Wednesday, June 11, 2008

How to Hire Stars for your BtoB
Telephone Sales Team

Finding and hiring the one in ten people who can succeed in selling business products and services by telephone is one of the great challenges of managing an inside sales team.

To begin with, standard sales hiring techniques are about as useful as spin the bottle in determining who will be successful in selling over the telephone. Selling by phone is as much about inborn talent as it is about training and experience.

Secondly, unless you observe some well-established parameters for hiring a b-to-b sales team, you’ll face an uphill battle you might not be able to win. These parameters are:

A. The more involved and technical the sale the more you’ll need full-time sales reps with industry and sales experience, especially where multiple call-backs and decision-makers are involved. Part-time and at-home workers are very unlikely to work out over time.

B. Telephone sales candidates should be interviewed over the telephone. If they can’t sell themselves over the phone they won’t be good at selling your products and services.

C. Don’t let how a telephone sales candidates looks or dresses decide whether you hire them (remember, prospects can’t see them). What you really want is someone who looks good in the mind of the person on the other end of the line.

D. Before recruiting and interviewing telephone sales people, set up a system for evaluating and documenting what you hear on the telephone interview so you can compare candidates accurately.

You can dramatically improve your chances of finding telephone sales stars by organizing the hiring interview into key characteristics. During the phone interview you can score each of them from one to five as follows:

1. Experience: Previous sales and industry experience count for a lot. Award a candidate points for every year of related experience.

2. Voice Quality: Score for a regionally-neutral accent, clear
pronunciation, good vocabulary, rate of speech, and most of all the tone of the voice. Tone is especially critical because it projects professionalism, enthusiasm and confidence. Deduct points if you sense nervousness, hesitancy, timidity or lack of confidence.

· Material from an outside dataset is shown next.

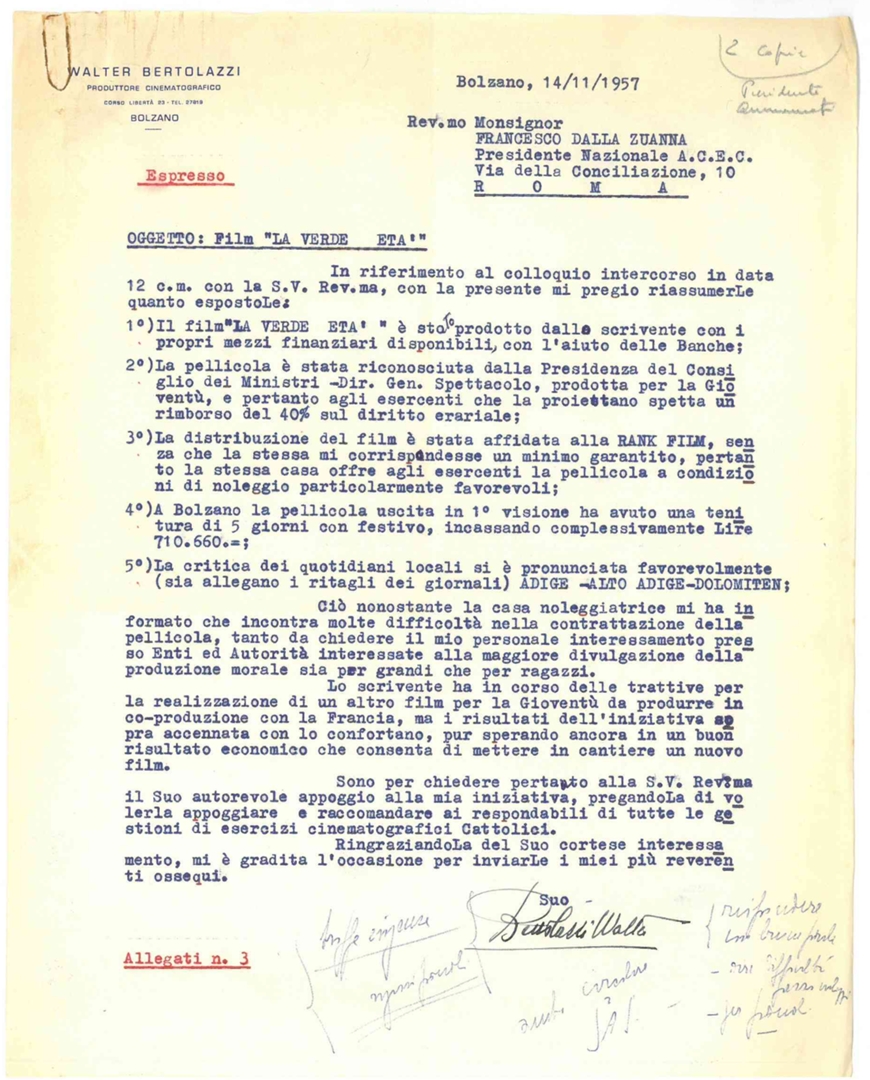 Walter Bertolazzi chiede a mons. Francesco Dalla Zuanna di promuovere nelle sale parrocchiali la proiezione del film "La verde età". Allega due ritagli di stampa con un'intervista al produttore. Dattiloscritto

3. Call Opening: Score how well the candidate opens the interview call. Did they give their name and reason for calling? Did they sound confident?

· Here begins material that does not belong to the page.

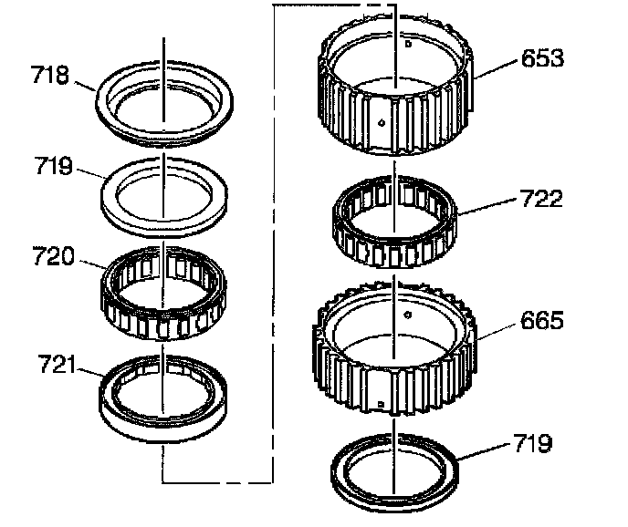 7. Remove the 3rd clutch and input clutch sprag assemblies (720, 722) from the sprag outer races (653, 665).
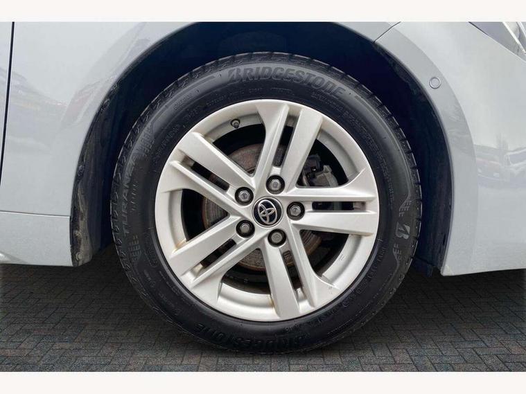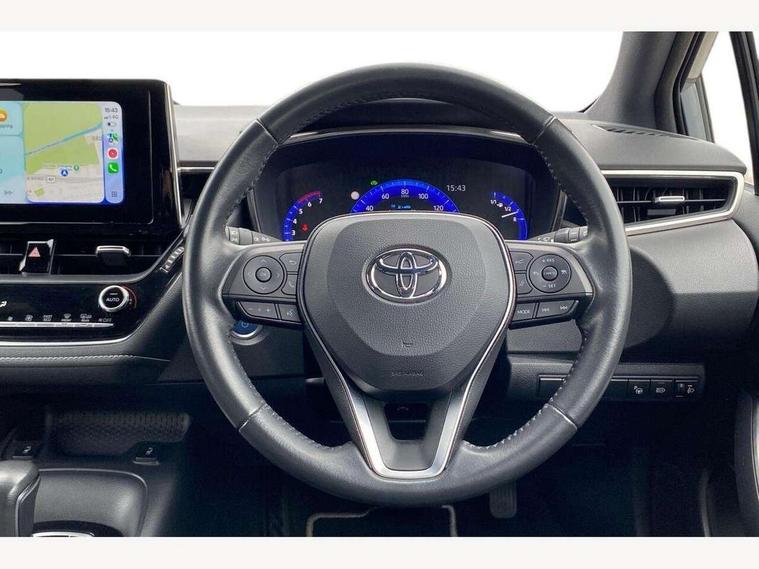 7" Multi information display screen, Bluetooth telephone connectivity, Connected car functionality upgrade, tracker, remote status and e-care, Dynamic radar cruise control (with RSA) including switch on steering wheel, E-call, Electrically assisted power steering, EV drive indicator, Intelligent park assist, Lane Departure Alert (LDA) switch on steering wheel, Memory on adjustable speed limiter, Push button start, Reversing camera, Smartphone integration with Apple CarPlay and Android auto, Gasoline particulate filter, Vehicle Stability Control (VSC), 6 speakers, 8" Touchscreen with MM19 Multimedia system and voice recognition, AM/FM radio, DAB Digital radio, Toyota touch 2 with go navigation system, USB and Aux in connectors + 12V front outlet, USB charging port in centre storage box, Aluminium roof rails, Anti-jam protection on power windows, Auto up and down function on all power windows, Automatic headlights with high beam assist, Black metallic surround on lower front grille, Black toyota logo in front, Body colour rear spoiler, Body coloured bumpers, Body coloured door mirrors, Body coloured outside door handles, Follow me home headlights, LED daytime running lights, LED front fog lights, LED Headlights, LED High mounted stop light, Manual day/night rear view mirror, Noise reduction layer on front windows, Power adjustable heated door mirrors, Power front windows, Power rear windows, Rain sensor, Rear side wing doors, Rear window defogger, Rear window wiper, Shark fin antenna, Time adjustment on intermittent wiper, Turning signal integrated indicators in door mirrors, Unique lower skirt, Unique side rocker with black insert, UV-filter on driver and passenger windows, 12v power outlet - luggage side, 3 rear headrests, 3 seat bench in 2nd row, 3 spoke leather steering wheel + gear knob, 60/40 split folding rear seat, Adjustable speed limiter switch on steering wheel, Audio, multimedia and telephone switches on steering wheel, Boot light, Boot underfloor storage, Clean air filter, Driver and front passenger personal light, Driver and passenger assist grip, Driver and passenger sun visor with mirror and light, Dual sided deck board in boot, Dual zone automatic air conditioning with ECO mode switch, Fabric armrests, Front and rear cup and bottle holders, Front and rear door pockets, Front head restraints, Front passenger seat, Heated driver and front passenger seats, Illuminated entry system in room lamp, ISOFIX seat fixing (2 fixings on rear outer seats), Leather gear shift with satin chrome on gear shift console, Manual height adjustable for driver and front passenger seat, Passenger seat back pocket, Pollen filter, Power adjustable lumbar support on driver seat, Power window switches with satin chrome inserts, Quilted fabric upholstery with grey stitches seats, Rear armrest with 2 cupholders, Rear passenger air vents, Rear passenger coat hooks (2), Rear passenger personal lights, Retractable tonneau cover with luggage partition net, Satin chrome inside door handles, Shopping bag hooks in luggage compartment, Side storage in boot, Sliding armrest on centre console box, Slow opening glovebox with lights, Tilt/telescopic steering column, Tonneau cover with under floor storage, Voice recognition switch on steering wheel, Whiplash Injury Lessening (WIL) feature (active headrest) for seats, Parking pack - Corolla, Toyota safety sense 2 pack - Corolla, 3x3 point rear seatbelts, Adjustable driver and front passenger seat belt extender to top anchor point, Anti lock braking system + Electronic brake force distribution, Brake assist function, Child locks on rear doors, Downhill Assist Control (DAC), Electronic parking brake, Emergency brake light signal (EBS), Front passenger airbag on/off switch, Front seatbelt reminder, HAC - Hill start assist control, Rear seat belt reminder, Seatbelt pretensioners and force limiters, Supplemental restraint system (SRS) 7 airbags - dual driver, dual side curtain, side impact and driver knee airbags, Traction control, Tyre pressure warning system, Acoustic vehicle alert system (AVAS), Alarm with motion sensor and immobilizer, Remote central locking + deadlocks, Smart entry, Satin chrome dash trim, Soft touch texture on upper dashboard, Stitching on lower dashboard, Space saver spare wheel, Unique wheel finish with red wheel cap,

4. Rapport: This key predictor of sales success is difficult to quantify but you’ll know it when you hear it. Does this person have the ability to make
you trust them? Do they sound believable? Are they able to communicate their personal strong points?

5. Closing: Do they ask for the order – the chance to be hired – or to further the process of consideration? Do they paraphrase your comments about the job and tell you why they will be great at it?

Finally, if you already have a telephone sales team it would be good idea to score them on a phoned sales presentation to you (or someone you designate) on the same characteristics you use in the hiring process. This will allow you compare one to another and to a group score and understand better where they need training and mentoring.